Figure 2: Possible deadlock. 

We can prevent deadlock by adding a new type of token, called the pusher (the message PushT). If the 
system is in a legitimate state, there is exactly one pusher. It permanently circulates through the virtual 
ring, and prevents a process that is not in the critical section from holding resource tokens forever. When 
a process receives the pusher, it releases all its reserved tokens, unless if it is either in its critical section 
(State = In) or is enabled to enter its critical section (State = Req and |RSet| > Need). In either case, it 
retransmits the pusher. 

The pusher protects the system from deadlock. However, it can cause livelock; an example is shown 
in Figure 3, for 2-out-of-3 exclusion in a tree of three processes. In Configuration (i), every process is a 
requester: r and b request one resource token and a requests two resource tokens. Also, every process has 
a resource token in one of its incoming channels, and none holds any resource token. Finally, the pusher is 
in the channel from a to r behind a resource token.
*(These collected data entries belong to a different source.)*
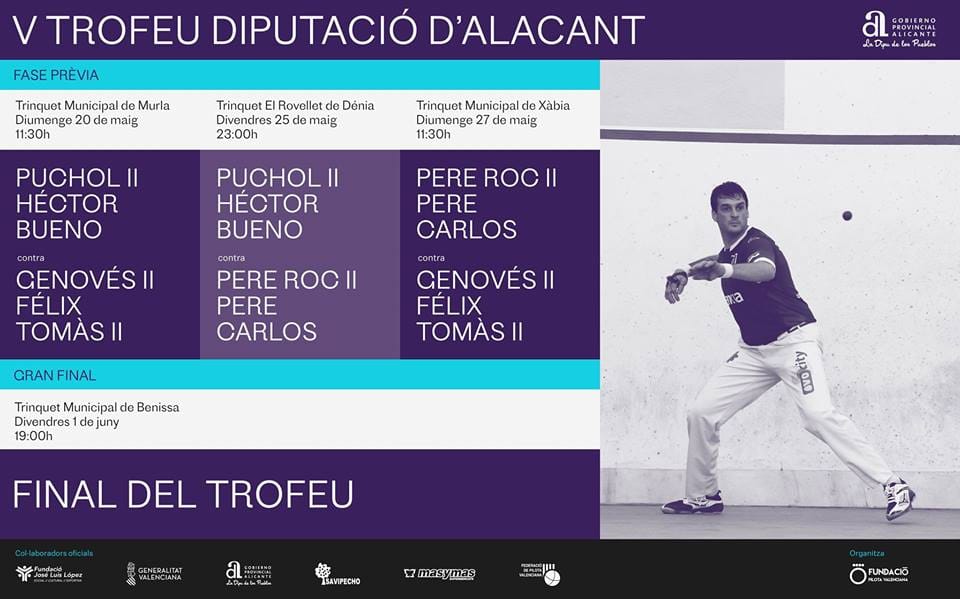 Xàbia acoge, el domingo 27 de mayo, a las 11:30 horas, el V Trofeu de la Diputació de Pilota. Será en el Trinquet Municipal. Una partida en la que se enfrentarán Pere Roc II, Pere y Carlos contra Genovés II, Félix y Tomás II.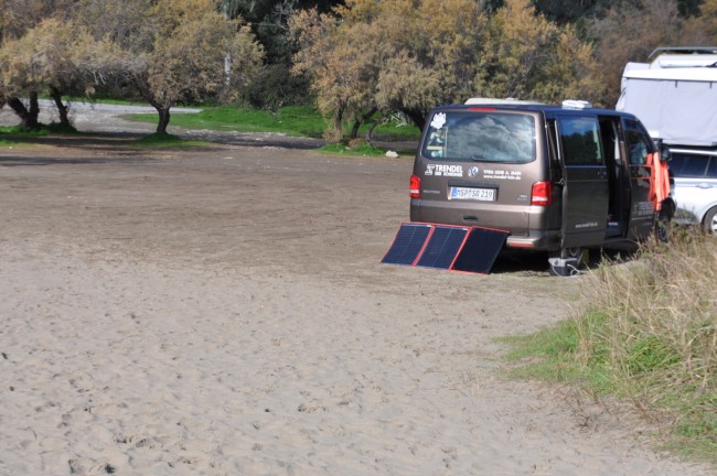 Co zauważyliśmy już na Glyfadzie , i pózniej wszędzie indziej, to każdy wystawia elastyczne panele przed kampera, w lecie tego nie widać z racji kąta padania promieni słonecznych zapewne. .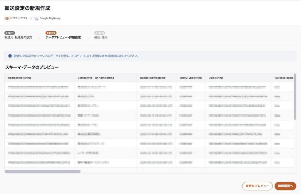 - カラム名が変換され、BigQueryに転送してもエラーにならない形式になります。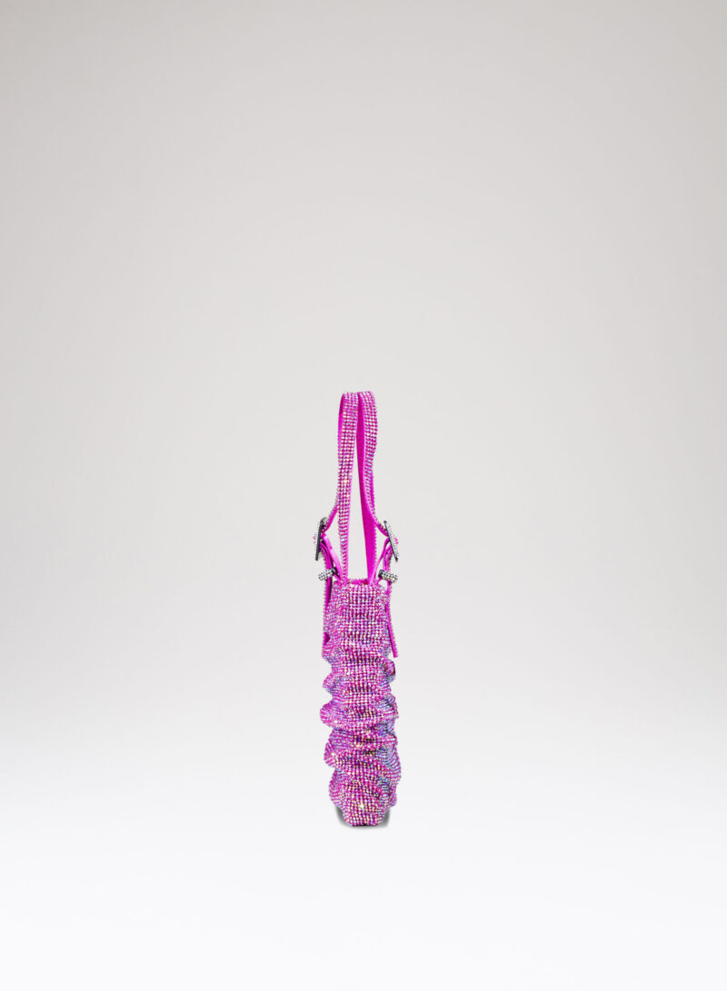 A questa donna divina è dedicata Lollo, la mini-tote con un’anima in raso di seta ricoperta dal più prezioso crystal mesh.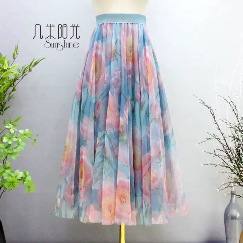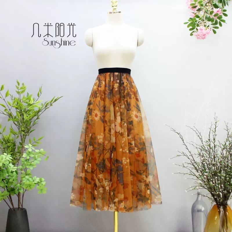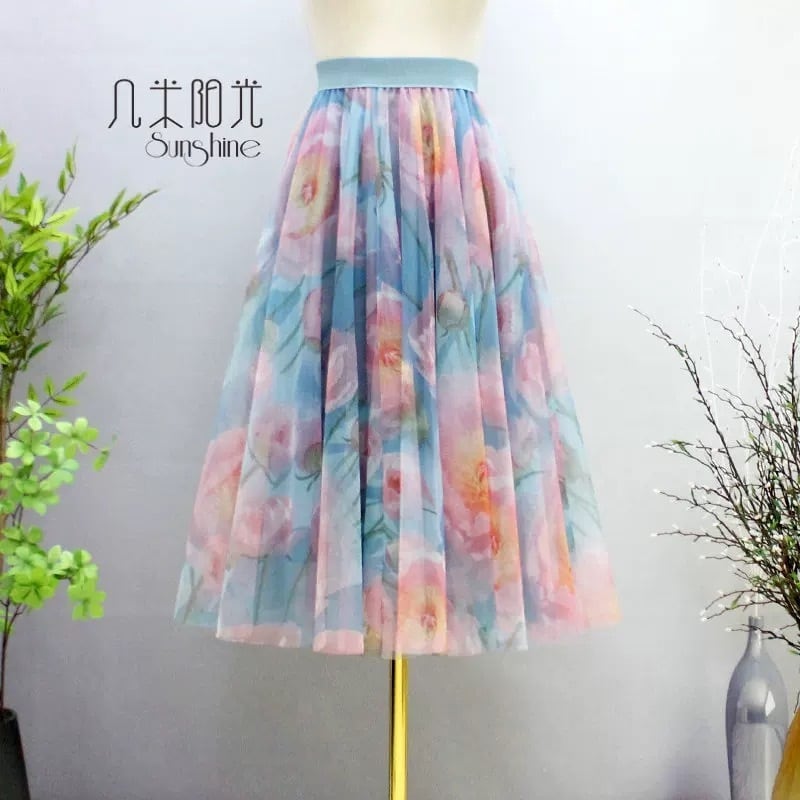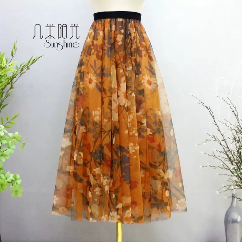 【着丈65.75.85cm】スカート 合わせやすい 和柄 着物 白 オレンジ ボトムス グラデーション 可愛い エレガント ガーリー ふんわり 茶色 フレア 花柄 フラワー 水色 オレンジ ピンク 黄色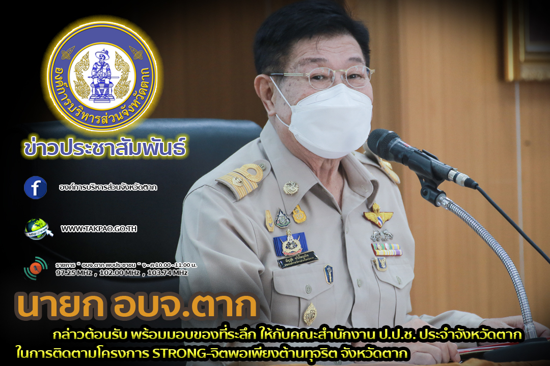 วันที่ 3 มีนาคม 2565 เวลา 9.00 น. นายณัฐวุฒิ ทวีเกื้อกูลกิจ นายกองค์การบริหารส่วนจังหวัดตาก กล่าวต้อนรับ พร้อมมอบของที่ระลึก ให้กับคณะสำนักงาน ป.ป.ช. ประจำจังหวัดตาก ในการติดตามโครงการ STRONG-จิตพอเพียงต้านทุจริต จังหวัดตาก ซึ่งโครงการนี้มีวัตถุประสงค์เพื่อเป็นการประชุมแลกเปลี่ยนเรียนรู้เกี่ยวกับการเฝ้าระวังและแจ้งเบาะแสการดำเนินโครงการของหน่วยงานภาครัฐให้กับโค้ช กรรมการ สมาชิกชมรม STRONG - จิตพอเพียงต้านทุจริตจังหวัดตาก และภาคประชาชน จำนวน 20 คน โดยในส่วนขององค์การบริหารส่วนจังหวัดตาก ได้จัดเตรียมข้อมูลเกี่ยวกับการดำเนินโครงการจ้างก่อสร้างปรับปรุงถนนโดยซ่อมแซมเป็นผิวทางแอสฟัลท์ติกคอนกรีต สายทางที่ ตก.ถ 1-0039 หมู่ที่ 4 ต.ตากตก-ต.หนองบัวเหนือ(อ.บ้านตาก-อ.เมืองตาก) จังหวัดตาก และร่วมลงพื้นที่สังเกตการณ์การดำเนินโครงการฯดังกล่าว ร่วมกับเครือข่ายชมรม STRONG - จิตพอเพียงต้านทุจริตจังหวัดตาก และภาคประชาชนด้วย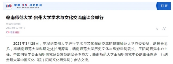 近日,贵州广播电视台官方新闻客户端“动静新闻”及贵州网络广播电视台“贵视网”关注贵州大学中国文化书院(阳明文化研究院)暨贵州大学中华传统文化与贵州地域文化研究中心相关文化活动并全文转载书院(基地)网站相关报道。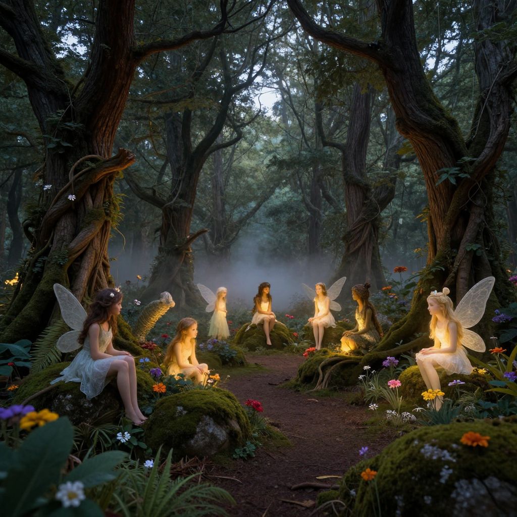 Woodland mythical creatures gathering in an enchanted forest clearing at twilight, soft glowing lights illuminating whimsical fairies, elegant dryads entwined with ancient trees, subtle mist rolling over moss-covered rocks, vibrant flora surrounding the mystical scene.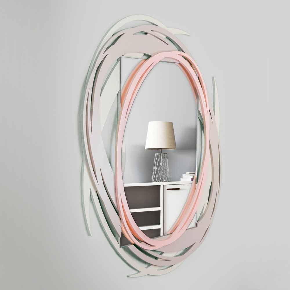 Spiegel aus lackiertem Holz in Pastelltönen. Die geschwungenen Linien passen sich allen Einrichtungsstilen an. Perfekt für den Eingangsbereich und für das Badezimmer in der vertikalen Version. Es kann auch horizontal aufgehängt werden und eignet sich somit für das Schlafzimmer .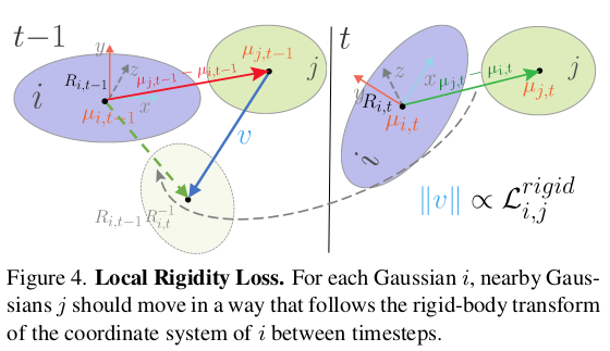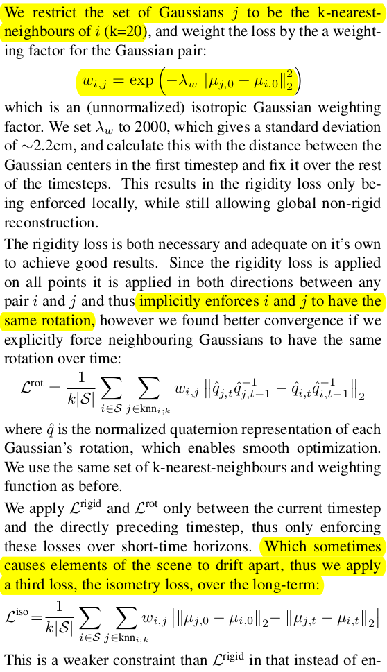 추가적으로 rigidity를 보조하기 위해서 rotation만, translation만 비슷하도록 강제하는 loss가 각각 추가된다. 먼저 rotation은 간단하다. (neighbor의 다음, neighbor의 현재 ) - (대상의 현재, 대상의 다음) 간 차이가 없도록 했다. 대상 3d gaussian의 rotation 변화량과, neighbor 3d gaussian의 rotation 변화량이 같도록 강제한다. 그 다음 translation은 더 간단하다. 첫 프레임에서 neighbor 간 거리가 매 시점마다 계속 비슷하게 유지되도록 강제했다. 즉 첫 프레임 복원 결과를 끝까지 유지할 수 있도록 강제하는 것이다. 각각은 neighbor 간 거리가 가깝고 멂에 따라 가중치가 곱해진다. |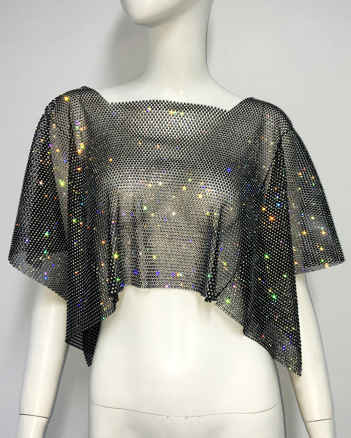 2024 유럽과 미국의 봄 여성의 새로운 티셔츠 패션 모조 다이아몬드 드롭 숄더 짧은 소매 스퀘어 칼라 티셔츠 고급 핫 걸 탑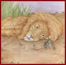 -¡Ja, ja! ¿Dices que me devolverás el favor si te perdono la vida? ¿Y cómo puede un animal tan pequeño como tú devolverme el favor? -preguntó el león.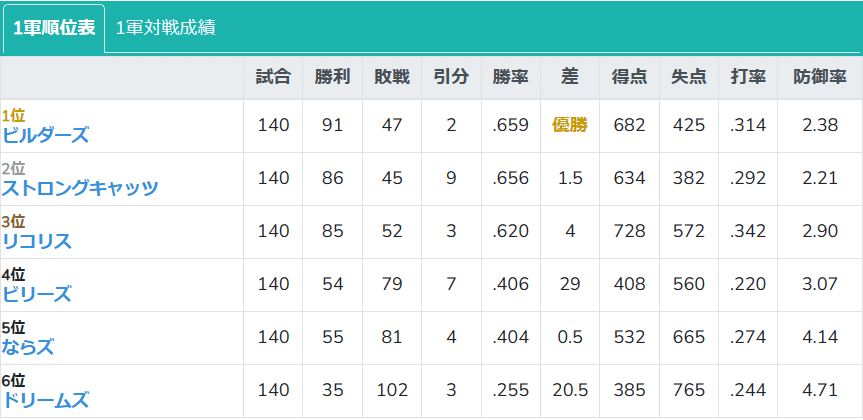 当然ここまで抑える投手陣も素晴らしいが野手陣も素晴らしかった。SBLとは思えないほど守備を極めており、平均守備値は55となる珍しいシーズンであった。 |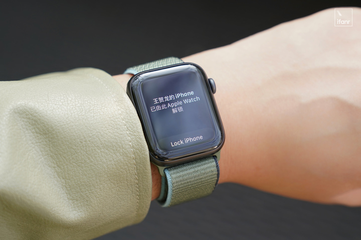 為了增強安全性,當 Apple Watch 解鎖 iPhone 時,手錶界面會自動彈出提醒頁面,並給予震動反饋。

Every process will collect the incoming resource token, 
and the system will reach the Configuration (ii) where r and b execute their critical section while a is still 
waiting for a resource token and the pusher is reaching r. When r receives the pusher, it retransmits it to 
b, while keeping its resource token, as shown in Configuration (in). Similarly, b receives the pusher while 
executing its critical section, and retransmits it immediately to r, as shown in Configuration (iv), after which 
r retransmits the pusher to a (Configuration (w)). Assume now that a receives the pusher while r and b 
leave their critical sections. We obtain Configuration (vi): a must release its resource tokens because of 
the pusher. In Configuration (vii), r directly retransmits the resource token it receives because it is not a 
requester. Finally, r and b again become requesters for one resource token in Configuration (viii), which is 
identical to Configuration (i). We can repeat this cycle indefinitely, and process a never satisfies its request. 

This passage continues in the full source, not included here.